Watching your child be excluded from the group, the party or the class is so painful that it is almost unbearable. How do you cope? I wish there was an easy answer but there just isn’t. It is a feeling that is universal.
Sure there are worse things, but it hurts to your very core to watch your child hurt by other children. To see them left out of fun activities. Whether it’s a birthday party, playgroup, or any social event, it feels unbearably lonely. For you and for them!
As a parent, you are hurt more by your child’s disappointment than your own. And you enjoy their successes much more than your own. Every emotion is heightened with your children. Maybe it’s that you understand the stakes are so high or maybe it is just that deep connection between parent and child.
When my son was about 5, he sometimes played with a small group of kids outside in our neighborhood. One day he came back inside crying. The other children had gone into a house to play, but he was not allowed to come inside.
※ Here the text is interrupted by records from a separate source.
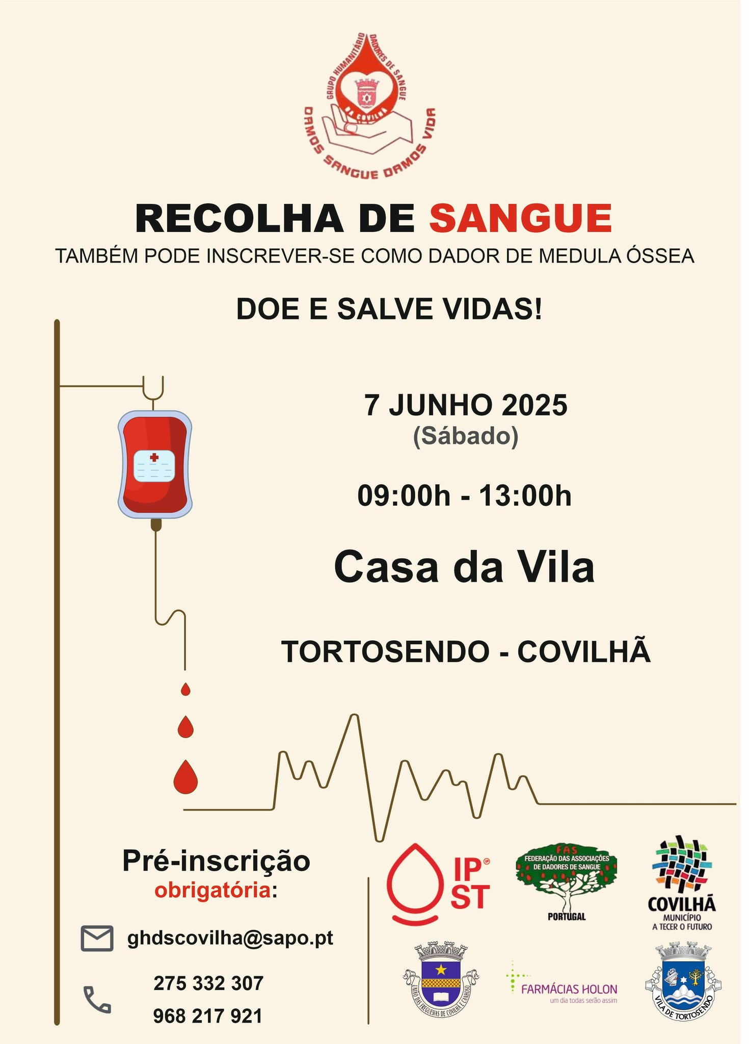 A organização conta com o apoio do Instituto Português do Sangue e da Transplantação, da Câmara Municipal da Covilhã, da Junta de Freguesia de Tortosendo, da Federação das Associações de Dadores de Sangue de Portugal, das Farmácias Holon e de outras entidades locais.
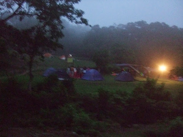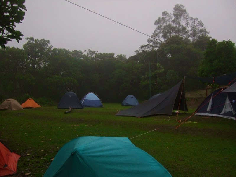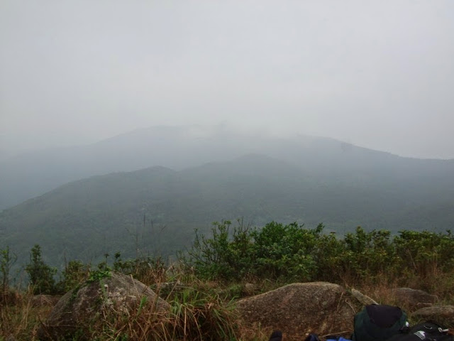 天公不造美,營前不停預報該兩日下雨甚至打雷,最後只能嚐甜頭。臨到達石屋山頂(~450米),霧景迷漫;接近日落時份下抵嶂上,雲霧稍退。天色漸黑,雲霧再濃。晚上八時後,能見度不足五米,看著隔鄰的露幕,猶如隔了一層紗。大霧伴隨雨水,再加偶遇的寒風,狼狽非常,坳仔已沒有餘興接受夜行、拯救等挑戰,早早回營休息。
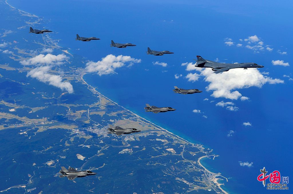 据了解,当地时间2017年9月18日,美军向朝鲜半岛上空出动2架B-1B轰炸机和4架F-35战斗机,与4架韩国战机进行了投弹演习,共投下了10枚炸弹。韩国国防部官员表示,美军B-1B轰炸机是从关岛起飞,F-35战机则是从驻日美军基地起飞。韩国国防部称,当天的行动意在向朝鲜发出警告。
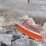 Bursa’nın Gemlik ilçesi ve Kumla sahilinde gece saatlerinde etkisini artıran şiddetli lodosun yol açtığı dev dalgaların dövdüğü sahilde bağlı bulunan çok sayıda küçük tekne, fırtınanın şiddetine dayanamayarak su alıp battı ya da sürüklenerek ağır hasar aldı.

He watched them from the glass beside the front door.
I honestly thought my heart would break. My husband and I decided to go down to the house and talk with the parents. I held back my tears as we walked a few houses down.
When we arrived, the mother came to the door. We explained that we needed to understand why he was not allowed to come in with the other children. We were calm and explained that we really were trying to help him be more appropriate in social settings. That we hoped she would help us, help him.
Of course, I did not manage to hold back the tears as I talked to her. She explained that he was just too unpredictable and too impulsive. She felt nervous with him inside. We thanked her for the information and returned home.
Part of me wanted to punch her in the face and tell her she was a monster for hurting my child. But part of me also understood how hard he could be to manage. It was the same conflict I would feel again many times in the future when I sought understanding from other parents. I knew why they couldn’t or wouldn’t give me that understanding.
Was I giving them an out too easily or was I expecting more than I should from them? They didn’t have to be capable of managing a difficult child and having the patience to spend extra time helping a child not their own. I had an infinite understanding of a child with behavior problems, but I couldn’t expect the same from parents that did not have those same challenges.
While many parents might drop off a child at a birthday party and have an hour or two of freedom, I could not afford myself that luxury. Unknowing parents would tell me to leave, but I knew that was not a safe choice. I might have to settle a dispute, calm him down if he became over-excited or angry, or remove him briefly from the other kids if he got overstimulated.
I had a party for him when he was about 6 and invited some of the kids from his EBD classroom to the party. Each mother came and planned to stay, but I gently explained that while I understood their need to stay, it wasn’t necessary. I reassured them that helping their child through a meltdown did not mean I saw them as deficient parents or their child as bad or broken.
We played putt-putt, and one little boy could not cope with doing the holes out of order. He was prepared to go to the next hole and screamed and became totally stiff every time we moved around the course instead of going to the next hole. I calmly picked him up at each and carried him to the hole where we were directed. People around me were horrified, but I was not. I understood his discomfort and was able to ignore the stares and comments that came my way.
Stares and judgmental comments become a part of every day when you have a child who has vocal and loud outbursts in public places.
My stress level and fatigue always played a big role in how I managed those meltdowns. If I was calm and rested, I was able to cope relatively easily. If I was frustrated or tired, it usually didn’t end well. Random comments from strangers never helped in either case, but they were frequent and often harsh.
Seeing your child in pain will bore a hole in your heart. If your child has behavior issues or social interaction problems, that pain will be frequent and real. Your child will be excluded and other parents will be quick to judge and gossip. They never realize they are using your perceived failures as a parent to make themselves feel superior or successful at parenting. I wish I could say that they do less of that as your child becomes older but sadly, they do not.
You will find, very rarely, a sympathetic mom or dad that will see you as a struggling parent, not a failing parent. They will see some of the many good qualities your child has and make attempts to help and support you. Hold on tight to those precious friends. They are a lifesaver for you and your child.